Yok mu sahip çıkan diye, bayramın ilk günü ortaya ısmarlamıştım. Gerdan tatlısı, ehil ellerden bir sahip buldu.
Siz onu içeride ve dışarıda ses getiren enstalasyonlarından, mitolojik motifli tablolarından, eski Haliç Tersanesi'nde yapımı süren devasa Ölümsüzlük Odası'nı daha bitirmeden kopardığı gürültüden biliyorsunuz...
Ya da mesela 'Adem ile Havva' serisinden bir eseri, daha yeni Antalya Film Festivali'nin bu yılki sanatsal afişi seçildi diye biliyorsunuz...
Yanlış bilmiyorsunuz ama eksik. Sanatçı Ahmet Güneştekin'in bugüne kadar hiç bilmediğiniz bir yanını açıklıyorum.
Benden duymuş olmayın.

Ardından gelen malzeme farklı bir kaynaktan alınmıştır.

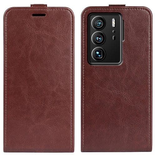 Funda de Cuero Vertical para ZTE Axon 40 Ultra R64 con Textura (Marrón)

Kendisi dünyada kabul görmüş otodidakt bir sanatçı olduğu gibi, gastronomi literatürüne geçecek kadar da hudayinabit bir şeftir.
Yani kendi kendini yetiştirmiş, melekelerini kendisi keşfedip geliştirmiş çok yönlü, farklı disiplinlerde eser veren nadir sanatçılarımızdan olur.
Pratiğini fahri çeşnicibaşılık düzeyine taşıyarak ustalaştığı branşlardan biri de işte bu. Özellikle et yemeklerinde, hemen bütün çeşitleri ve türevleriyle bu dalın değme şeflerine taş çıkartan Allah vergisi bir hüneri var.
Mutfak sanatlarındaki yeteneği, resim ve enstalasyon kabiliyetinden hiç aşağı değil, rahatlıkla söyleyebilirim. Yine doğuştan geliyor, yine gözlem ve deneyimle zenginleşiyor, yine büyük bir zevkle performe ediliyor.
En az eserleri kadar sanatsal, provokatif ve sansayonel bir yemek ustası Güneştekin.
Hep kapalı devre yankılanan bir sırrımızı ifşa etmiş oldum gerçi. Gizli yemek cemiyetimizin artık bir gizliliği kalmadı. Umarım mahrem kalması gereken bir sırrı dışarı sızdırdığım ve elebaşımızı ele verdiğim için kimseyi kızdırmamışımdır.
Cezaya uğramak istemem. Haftalık örgütlü ziyafet faaliyetlerimizden bir süreliğine yasaklanmak, tadım içtimalarımızdan geçici men edilmek bile ağır ceza olur.
Hele gazetecilik suçmuş gibi cemiyet üyeliğimin askıya alınmasını, icra edilecek toplu yeme içme eylemlerine katılım hakkımın iptalini, müdavimlikten çıkarılmamı ya da kalıcı ihracımı filan düşünmek bile istemiyorum. Hücre hapsine atılmak gibidir sofradan dışlanmak, maazallah!...Cemiyetimiz affetsin, niyetim amaç birliğimize ihanet değil. Aynı doğrultuda çalışmaya devam etme azmimi, boğaz sadakati ve göbekten bağlılıkla koruyorum.
Fakat daha fazla saklayamadım. Çünkü Güneştekin büyük bir duyarlılık ve kadirşinaslık gösterdi.
Madem bu gerdan tatlısı, Osmanlı'nın kayıp lezzetlerindendir, kayıtsız kalamam diyerek sorumluluk üstlendi...
Madem ki kurban bayramlarının unutulan tadıdır, ortada bırakamayız dedi ve elini taşın altına koydu...
O ki ecdadın damak gustosuna sahip çıktı...
O ki hiç tadamayacak mıyım diye iç geçirmeme daha fazla dayanamadı ve klubün menüsüne bu sezon gerdan tatlısını da ekledi...
O ki; bırak sektörel çetelere sipariş etmeyi, ne anlar kavurmacılar, şu gurme gündemine, bu lokanta menüsüne almazsa almasın, kardeşime ben dik alasını tattırırım, Michelin yıldızlısı da kim, benim diyene dil dökme, biz ne güne buradayız dedi...
O ki iştahıma bayram
yaptırdı...
Yazmamazlık edemezdim.
Güneştekin, Refik Halid Karay reçetesine bağlı kalmayacak. Adeti olduğu üzere, bu geleneksel bayram spesiyalitesini, sanatsal dokunuşlarla özgünleştirecek, kendi spesiyali haline getirecek.
Ben sabırszlıkla ip çekerken siz de boş beklemeyin. Kurbanın ilk günü yazdım tarifini. Mektepli şeflerden hayır yok. Evdeki diplomasız şeflerin becerisine havale. Koyun gerdanına kendi ağız tadınızı katarak pişirmeyi deneyin, alaylı gurme mideniz bu şaheserle bayram etsin.